* Data under study

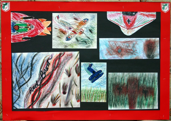 Children from Year 5 of South Baddesley Primary School were asked to prepare scrapbooks anf poppy tributes to lay on the WW1 graves of J. L. Morrison, J. Hogan, V. M. Kidd, Arthur F. Belyea and Austin Wyard Blackie. The scrapbooks contained their project work on these servicemen, the WW1 airfield at East Boldre, the aircraft that visited East Boldre and WW1 in general. They also produced some artwork.
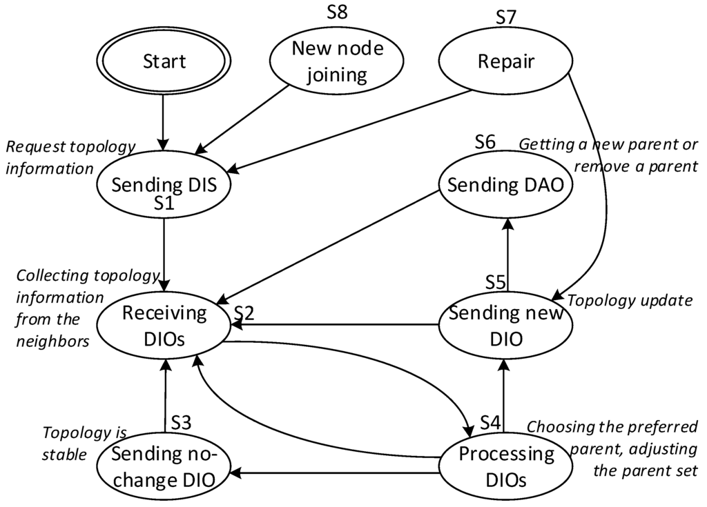 - The five states sending DIS, sending new DIO, sending DAO, repair, and new node joining indicate the instability of the network topology. When the node is in one of these states, the transitions are expected to happen more often, because the DIO trickle time is set to minimum.
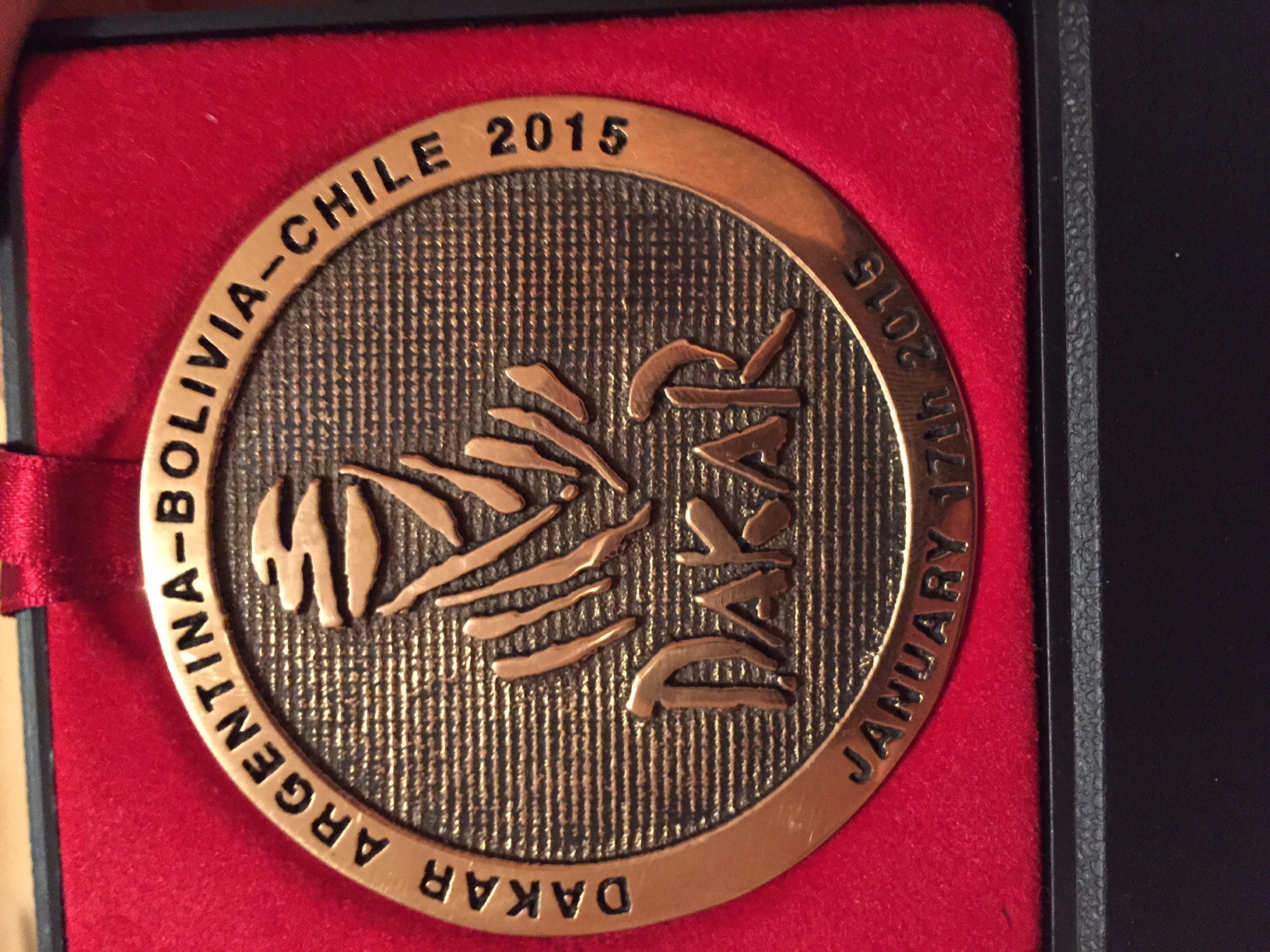 Trochu se pochoubím. Zastavil se za mnou manželky bratranec a kecali jsme o Dakaru a tak jsem ho poprosil zda by mi půjčil jeho medaili a já si ji vyfotil. Moc lidí ji asi v ruce nemá možnost potěžkat je fakt těžká
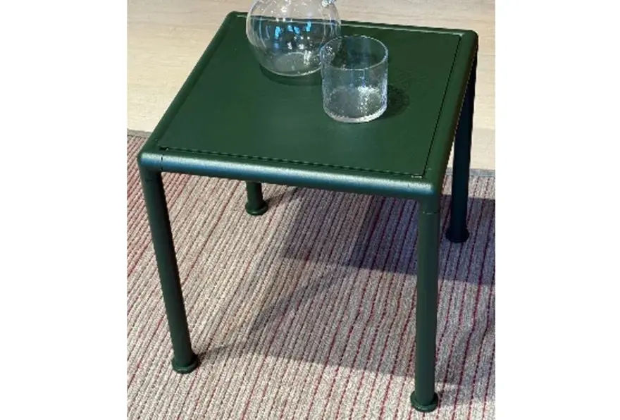 Realizzato in alluminio verniciato, il tavolino garantisce leggerezza, solidità e resistenza agli agenti atmosferici. Queste caratteristiche lo rendono particolarmente indicato anche per terrazze, verande e aree lounge esterne. La finitura in colore Verde Bottiglia aggiunge un accento raffinato e contemporaneo.
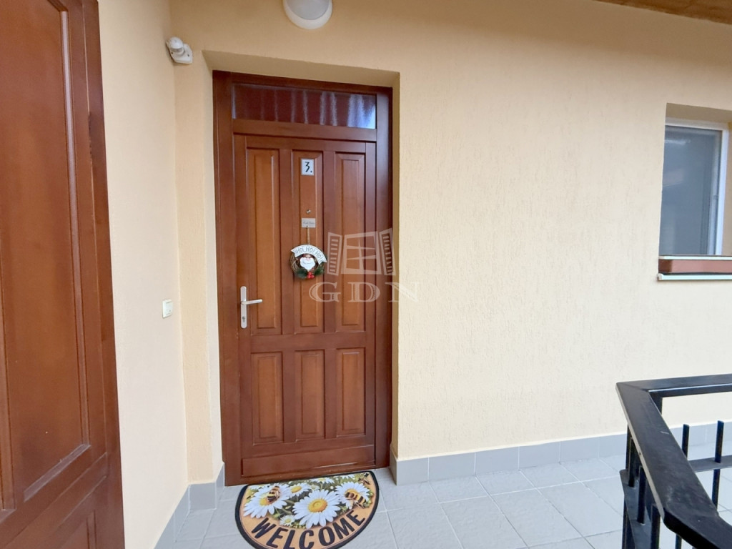 A zárt udvarról megközelíthető tégla lakás tágas terek által ad helyet egy beépített szekrénnyel ellátott előtérnek, egy nagyméretű nappali - konyha - étkező együttesnek, két külön nyíló hálónak - melyből az egyik kapcsolatos a 8 m2 - es erkéllyel, egy épített zuhanyzóval felszerelt fürdőnek, valamint egy külön helyiségben található toalettnek.
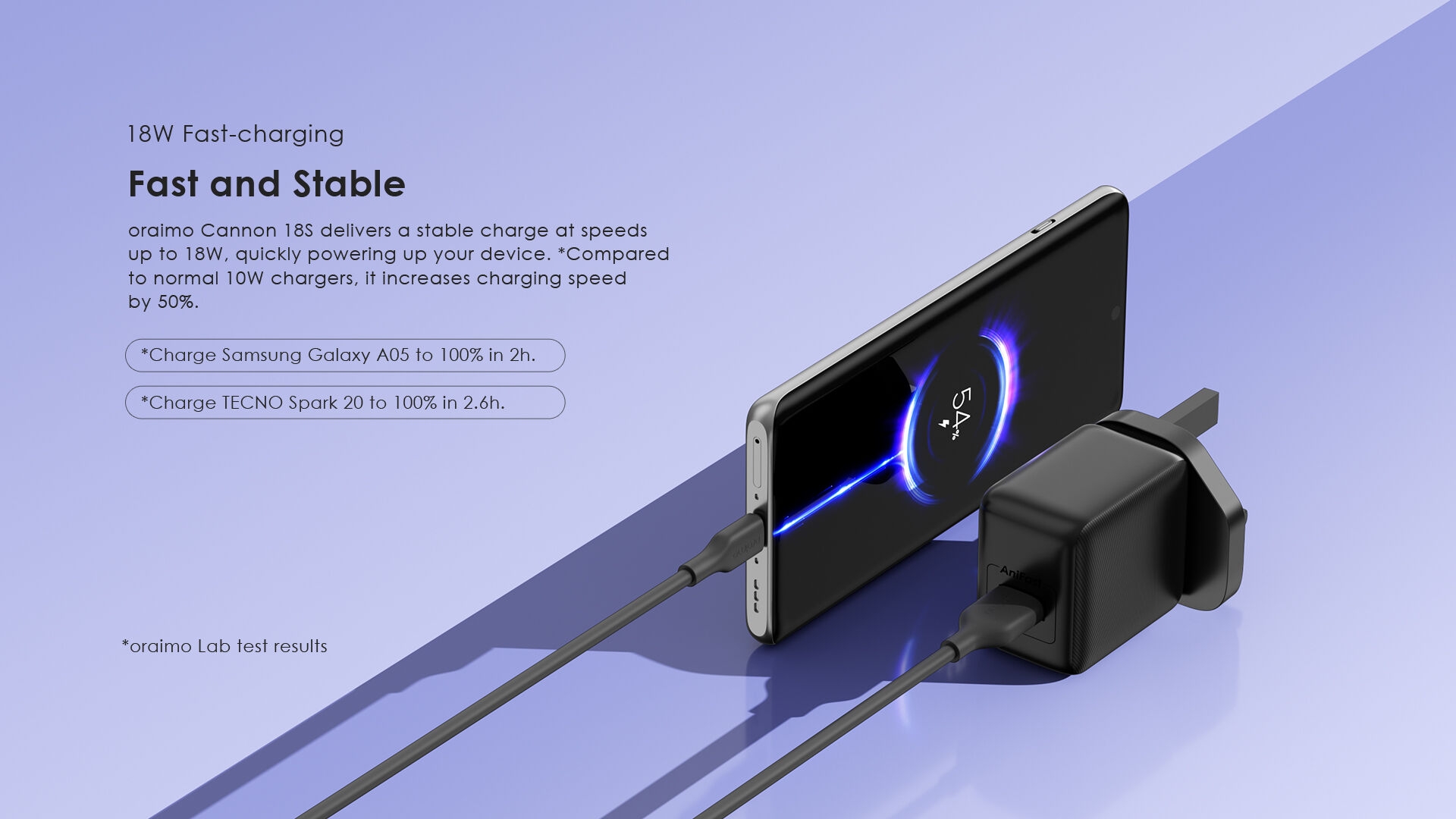 oraimo Can-non 18S delivers a stable charge at speeds up to 18W, quickly powering up your device.
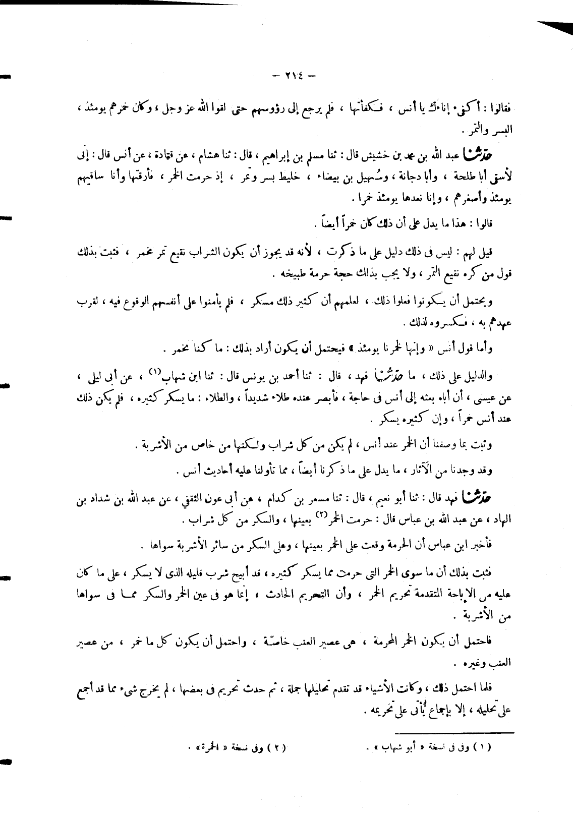 6430 - حَدَّثَنَا عَبْدُ اللهِ بْنُ مُحَمَّدِ بْنِ خُشَيْشٍ، قَالَ: ثنا مُسْلِمُ بْنُ إِبْرَاهِيمَ، قَالَ: ثنا هِشَامٌ، عَنْ قَتَادَةَ، عَنْ أَنَسٍ، قَالَ: «إِنِّي لَأَسْقِي أَبَا طَلْحَةَ , وَأَبَا دُجَانَةَ , وَسُهَيْلَ بْنَ بَيْضَاءَ , خَلِيطَ بُسْرٍ وَتَمْرٍ , إِذْ §حُرِّمَتِ الْخَمْرُ , فَأَرَقْتُهَا وَأَنَا سَاقِيهِمْ يَوْمَئِذٍ وَأَصْغَرُهُمْ , وَإِنَّا نَعُدُّهَا يَوْمَئِذٍ خَمْرًا» قَالُوا: هَذَا مَا يَدُلُّ عَلَى أَنَّ ذَلِكَ كَانَ خَمْرًا أَيْضًا. قِيلَ لَهُمْ: لَيْسَ فِي ذَلِكَ دَلِيلٌ عَلَى مَا ذَكَرْتُ , لِأَنَّهُ قَدْ يَجُوزُ أَنْ يَكُونَ الشَّرَابُ نَقِيعَ تَمْرٍ مُخَمَّرٍ , فَثَبَتَ بِذَلِكَ قَوْلُ مَنْ كَرِهَ نَقِيعَ التَّمْرِ , وَلَا يَجِبُ بِذَلِكَ حُجَّةُ حُرْمَةِ طَبِيخِهِ. وَيَحْتَمِلُ أَنْ يَكُونُوا فَعَلُوا ذَلِكَ , لِعِلْمِهِمْ أَنَّ كَثِيرَ ذَلِكَ مُسْكِرٌ , فَلَمْ يَأْمَنُوا عَلَى أَنْفُسِهِمِ الْوُقُوعَ فِيهِ , لِقُرْبِ عَهْدِهِمْ بِهِ , فَكَسَّرُوهُ لِذَلِكَ. وَأَمَّا قَوْلُ أَنَسٍ وَإِنَّهَا لَخَمْرُنَا يَوْمَئِذٍ فَيَحْتَمِلُ أَنْ يَكُونَ أَرَادَ بِذَلِكَ: مَا كُنَّا نُخَمِّرُ. وَالدَّلِيلُ عَلَى ذَلِكَ
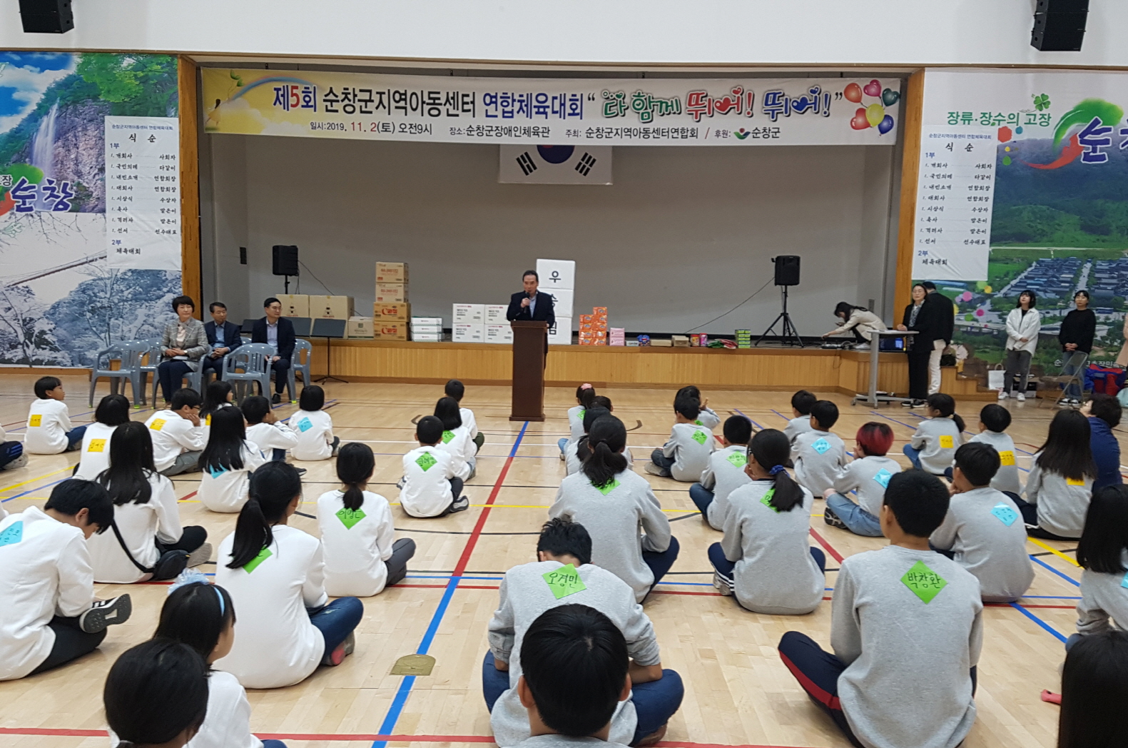 - `다함께 뛰어! 뛰어!` 순창군 지역아동센터 연합체육대회가 2일 순창군 장애인 체육관에서 성황리에 열렸다.3곳의 지역아동센터가 참여한 이번 체육대회는 지역아동센터를 이용하는 아이들에게 건강한 신체활동과 가족화합의 기회제공을 통한 소속감과 자존감 향상을 위해 2015년부터 매년 진행되고 있다. -2019년 11월 3일-
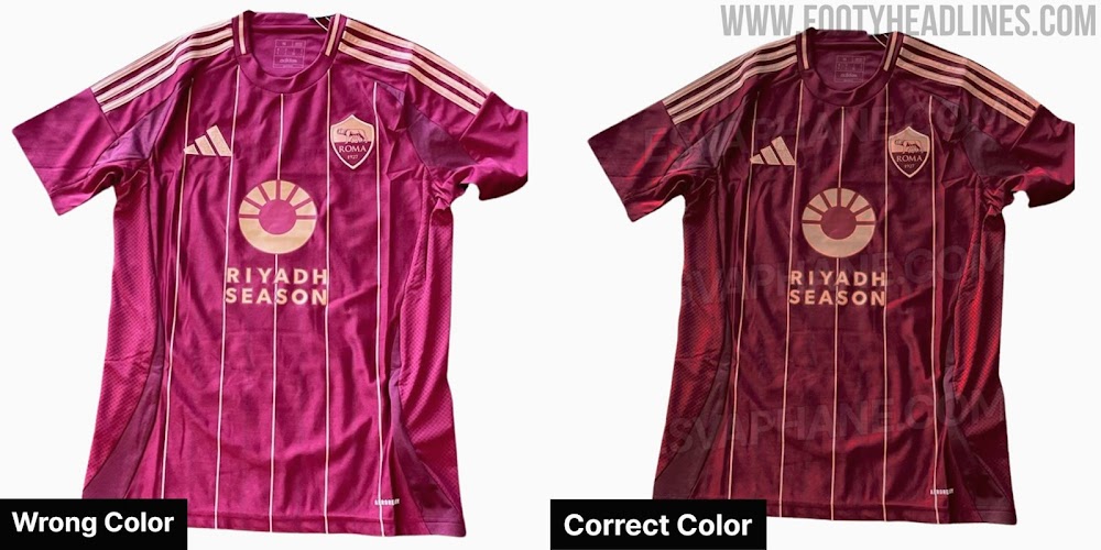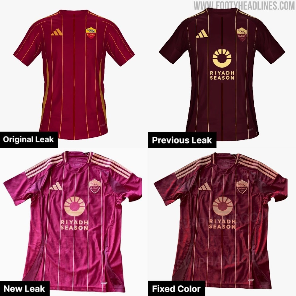 The Roma 24-25 home kit is a different shade of red to the three previously leaked versions.
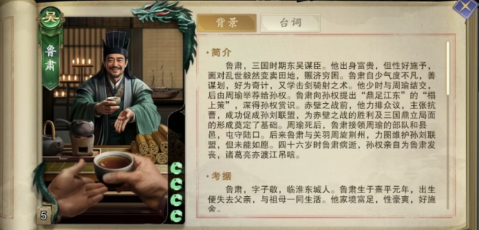 在代号杀的三国卡牌世界里,有一位智谋超群的东吴阵营谋臣叫做鲁肃,代号杀鲁肃怎么样大家要是了解过他出奇制胜的计策就知道了,这个武将至少在智力上面大家是不用担心的,而且根据武将独特的事迹,在目前的游戏当中设计了与人生事迹相关的技能,这一点也让很多玩家想要用这张卡。

* Activity
From the records above, transcribe only the stretch from the line with "Realizzato in alluminio" through the line with "순창군 지역아동센터 연합체육대회가", keeping both ends. Omit pictures.

* Finished exercise
 Realizzato in alluminio verniciato, il tavolino garantisce leggerezza, solidità e resistenza agli agenti atmosferici. Queste caratteristiche lo rendono particolarmente indicato anche per terrazze, verande e aree lounge esterne. La finitura in colore Verde Bottiglia aggiunge un accento raffinato e contemporaneo.
 A zárt udvarról megközelíthető tégla lakás tágas terek által ad helyet egy beépített szekrénnyel ellátott előtérnek, egy nagyméretű nappali - konyha - étkező együttesnek, két külön nyíló hálónak - melyből az egyik kapcsolatos a 8 m2 - es erkéllyel, egy épített zuhanyzóval felszerelt fürdőnek, valamint egy külön helyiségben található toalettnek.
 oraimo Can-non 18S delivers a stable charge at speeds up to 18W, quickly powering up your device.
 6430 - حَدَّثَنَا عَبْدُ اللهِ بْنُ مُحَمَّدِ بْنِ خُشَيْشٍ، قَالَ: ثنا مُسْلِمُ بْنُ إِبْرَاهِيمَ، قَالَ: ثنا هِشَامٌ، عَنْ قَتَادَةَ، عَنْ أَنَسٍ، قَالَ: «إِنِّي لَأَسْقِي أَبَا طَلْحَةَ , وَأَبَا دُجَانَةَ , وَسُهَيْلَ بْنَ بَيْضَاءَ , خَلِيطَ بُسْرٍ وَتَمْرٍ , إِذْ §حُرِّمَتِ الْخَمْرُ , فَأَرَقْتُهَا وَأَنَا سَاقِيهِمْ يَوْمَئِذٍ وَأَصْغَرُهُمْ , وَإِنَّا نَعُدُّهَا يَوْمَئِذٍ خَمْرًا» قَالُوا: هَذَا مَا يَدُلُّ عَلَى أَنَّ ذَلِكَ كَانَ خَمْرًا أَيْضًا. قِيلَ لَهُمْ: لَيْسَ فِي ذَلِكَ دَلِيلٌ عَلَى مَا ذَكَرْتُ , لِأَنَّهُ قَدْ يَجُوزُ أَنْ يَكُونَ الشَّرَابُ نَقِيعَ تَمْرٍ مُخَمَّرٍ , فَثَبَتَ بِذَلِكَ قَوْلُ مَنْ كَرِهَ نَقِيعَ التَّمْرِ , وَلَا يَجِبُ بِذَلِكَ حُجَّةُ حُرْمَةِ طَبِيخِهِ. وَيَحْتَمِلُ أَنْ يَكُونُوا فَعَلُوا ذَلِكَ , لِعِلْمِهِمْ أَنَّ كَثِيرَ ذَلِكَ مُسْكِرٌ , فَلَمْ يَأْمَنُوا عَلَى أَنْفُسِهِمِ الْوُقُوعَ فِيهِ , لِقُرْبِ عَهْدِهِمْ بِهِ , فَكَسَّرُوهُ لِذَلِكَ. وَأَمَّا قَوْلُ أَنَسٍ وَإِنَّهَا لَخَمْرُنَا يَوْمَئِذٍ فَيَحْتَمِلُ أَنْ يَكُونَ أَرَادَ بِذَلِكَ: مَا كُنَّا نُخَمِّرُ. وَالدَّلِيلُ عَلَى ذَلِكَ
 - `다함께 뛰어! 뛰어!` 순창군 지역아동센터 연합체육대회가 2일 순창군 장애인 체육관에서 성황리에 열렸다.3곳의 지역아동센터가 참여한 이번 체육대회는 지역아동센터를 이용하는 아이들에게 건강한 신체활동과 가족화합의 기회제공을 통한 소속감과 자존감 향상을 위해 2015년부터 매년 진행되고 있다. -2019년 11월 3일-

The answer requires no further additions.